(Exercise directions)
Starting at the line that contains "Pom Pom Monterey" and stopping at the line that contains "10. Horlat T07", restate each line of the records below exactly. Omit the pictures.

(Entries supplied)
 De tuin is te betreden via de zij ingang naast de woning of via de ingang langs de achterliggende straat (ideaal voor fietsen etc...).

==

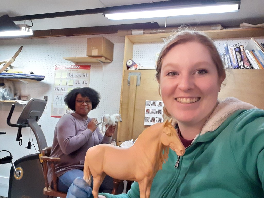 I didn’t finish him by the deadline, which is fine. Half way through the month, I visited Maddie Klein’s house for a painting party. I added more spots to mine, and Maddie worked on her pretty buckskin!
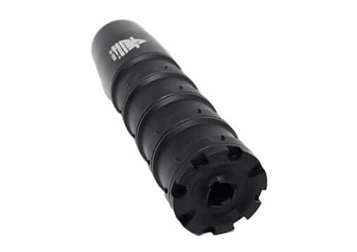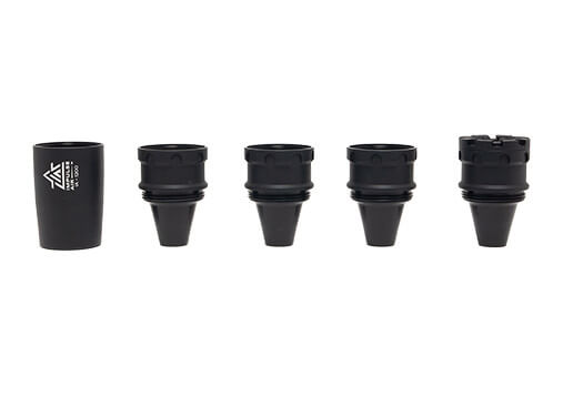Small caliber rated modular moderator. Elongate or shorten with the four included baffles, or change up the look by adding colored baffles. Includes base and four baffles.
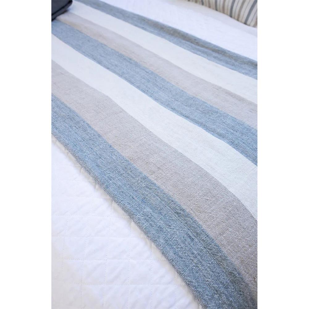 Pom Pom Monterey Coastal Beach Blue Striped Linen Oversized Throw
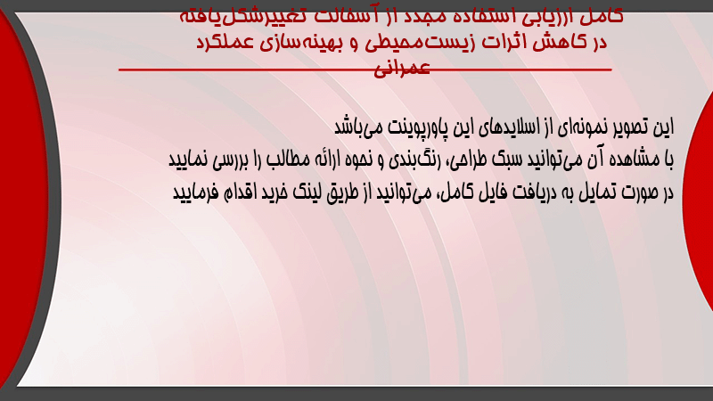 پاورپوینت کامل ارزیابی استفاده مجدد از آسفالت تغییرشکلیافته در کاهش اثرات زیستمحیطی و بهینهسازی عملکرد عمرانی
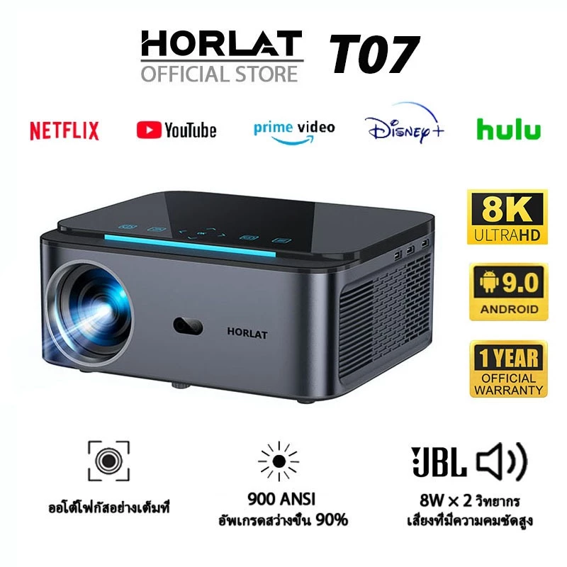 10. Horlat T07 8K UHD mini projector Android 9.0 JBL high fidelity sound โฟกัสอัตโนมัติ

(Result of the task)
 Pom Pom Monterey Coastal Beach Blue Striped Linen Oversized Throw
 پاورپوینت کامل ارزیابی استفاده مجدد از آسفالت تغییرشکلیافته در کاهش اثرات زیستمحیطی و بهینهسازی عملکرد عمرانی
 10. Horlat T07 8K UHD mini projector Android 9.0 JBL high fidelity sound โฟกัสอัตโนมัติ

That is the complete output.